A reasonable first pass at a model definition would be to model the daily number of active players as a binomial where the number of trials is the number of active players on the previous day. In fact, this is exactly how the simulated data were created.

\[ \begin{align*} \text{Players}_{\text{day}[d]} &\sim \text{Binomial}(\text{Players}_{\text{day}[d-1]}, \theta) \\ \theta &= 1 - R \\ R &\sim \text{Beta}(1, 1) \end{align*} \]

While this process can be used to simulate data, it causes problems when modeling. Namely, this model grossly overstates the number of observations that are in the dataset. For a player to be a part of \(\text{Players}_{\text{day}[d-1]}\), they must also be a part of \(\text{Player}_{\text{day}[d-2]}, \ \text{Player}_{\text{day}[d-3]}, \ \dots, \ \text{Player}_{\text{day}[0]}\). This player gets counted as \(d-1\) observations!

For example, to pass data to this model, we’d need a slight variation of the dataset:

Code

player_data %>%
  mutate(players_lag = lag(players)) %>%
  drop_na() %>%
  mutate(across(everything(), ~scales::label_comma()(.x))) %>%
  rename(Day = day,
         `Players [d]` = players,
         `Players [d-1]` = players_lag) %>%
  slice_head(n = 4) %>%
  knitr::kable()

Day	Players [d]	Players [d-1]
1	849,938	1,000,000
2	722,133	849,938
3	613,865	722,133
4	521,802	613,865

The total number of observations in this model is the sum of the column Players [d-1]. In this case, despite there only being one million players, this model would have 6,081,336 observations!

A more reasonable alternative would be to model the number of players on a specific day, \(d=D\).

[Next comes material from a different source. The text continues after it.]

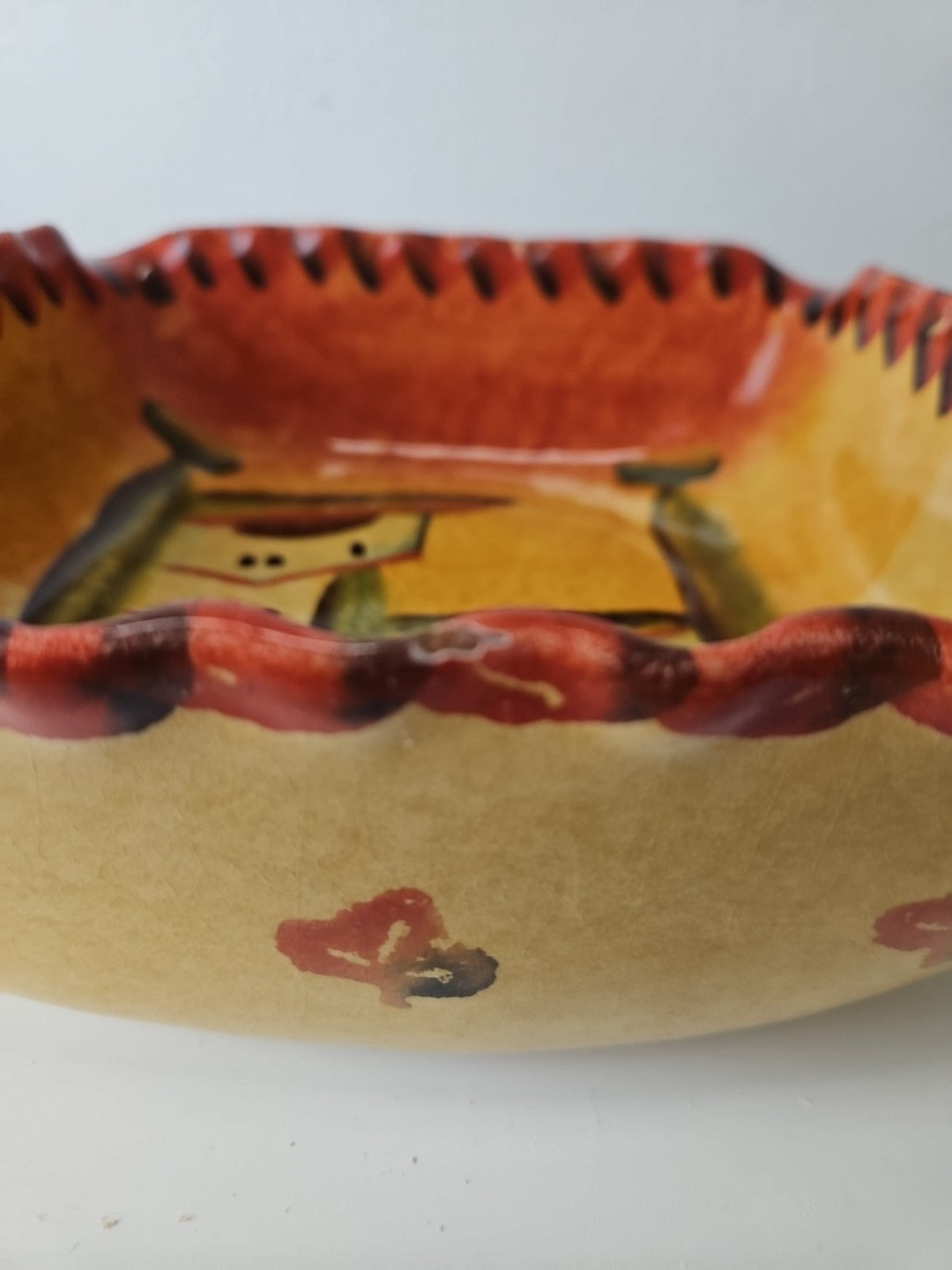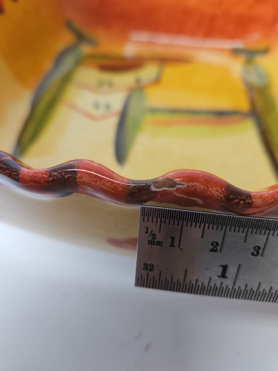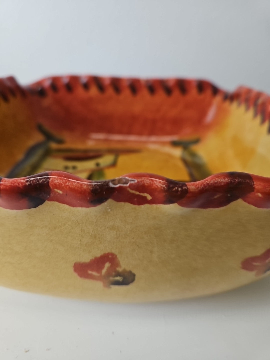 Condition Description: see photos, chipped corner underneath the rim, small chip on rim on the back side

\[ \begin{align*} \text{Players}_{\text{day}[D]} &\sim \text{Binomial}(\text{Players}_{\text{day}[0]}, \theta_D) \\ \theta_D &= (1 - R)^D \\ R &\sim \text{Beta}(1, 1) \end{align*} \]

Code

data {
  int<lower=1> D;                // day to evaluate
  int<lower=0> K;                // number of active players on day 0
  int<lower=0, upper=K> S;       // number of active players on day D 
}
parameters {
  real<lower=0, upper=1> churn_rate;
}
transformed parameters {
  real<lower=0, upper=1> theta = (1 - churn_rate)^D;
}
model {
  // priors
  churn_rate ~ beta(1, 1);
  
  // likelihood
  S ~ binomial(K, theta);
}
generated quantities {
  real average_lifetime = -1/log(1 - churn_rate);
}

In this model, the number of observations according to the model matches reality: one million players. The downside, however, is that this model is only able to show information about the specific day, \(D\) — it assumes that the churn rate is constant.⁶ Regardless, fitting this model for \(d = 10\) recovers the churn rate and average customer lifetime.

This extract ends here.